I am in Green Community West and am watching the games on my 65" TV at home.

It is not as fun but the games are late so I don't have to ride a taxi home late-and-drunk, just walk upstairs late-and-drunk


----------



## ash_ak (Jan 22, 2011)

what channel is the game on? i have Du with the OSN package.



ccr said:


> Yes, I am ready.
> 
> I am in Green Community West and am watching the games on my 65" TV at home.
> 
> It is not as fun but the games are late so I don't have to ride a taxi home late-and-drunk, just walk upstairs late-and-drunk


----------



## ccr (Jun 20, 2010)

ash_ak said:


> what channel is the game on? i have Du with the OSN package.

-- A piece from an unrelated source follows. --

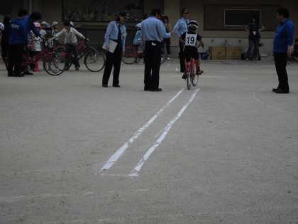 自転車の乗り方のテストの中には,ポールを置いてそこを足をつかずにジグザクに運転をするものや細い白線の中をはみ出さずに速く運転できるかというものもありました。この2つの実技テストは,とても楽しかった様子です。

I have OSN as well (on Etisalat).

Can't remember exactly which channel, starting around 9-10 PM the day after...


----------



## Yoga girl (Oct 19, 2008)

Or you can buy game pass and see it live through your laptop!


----------



## ccr (Jun 20, 2010)

Yoga girl said:


> Or you can buy game pass and see it live through your laptop!


Time is relative 

Personally, if I stay off the Internet and not seeing the game outcome, it is much more enjoyable to watch on the large screen with surround sound 

It is "live" as far as I am concerned


----------



## Big c (Aug 23, 2011)

ccr said:


> Time is relative
> 
> Personally, if I stay off the Internet and not seeing the game outcome, it is much more enjoyable to watch on the large screen with surround sound
> 
> It is "live" as far as I am concerned


I agree the bigger the screen the better for me. I can't wait for my sea shipment to get here with my TV.


----------



## Yoga girl (Oct 19, 2008)

Big c said:


> I agree the bigger the screen the better for me. I can't wait for my sea shipment to get here with my TV.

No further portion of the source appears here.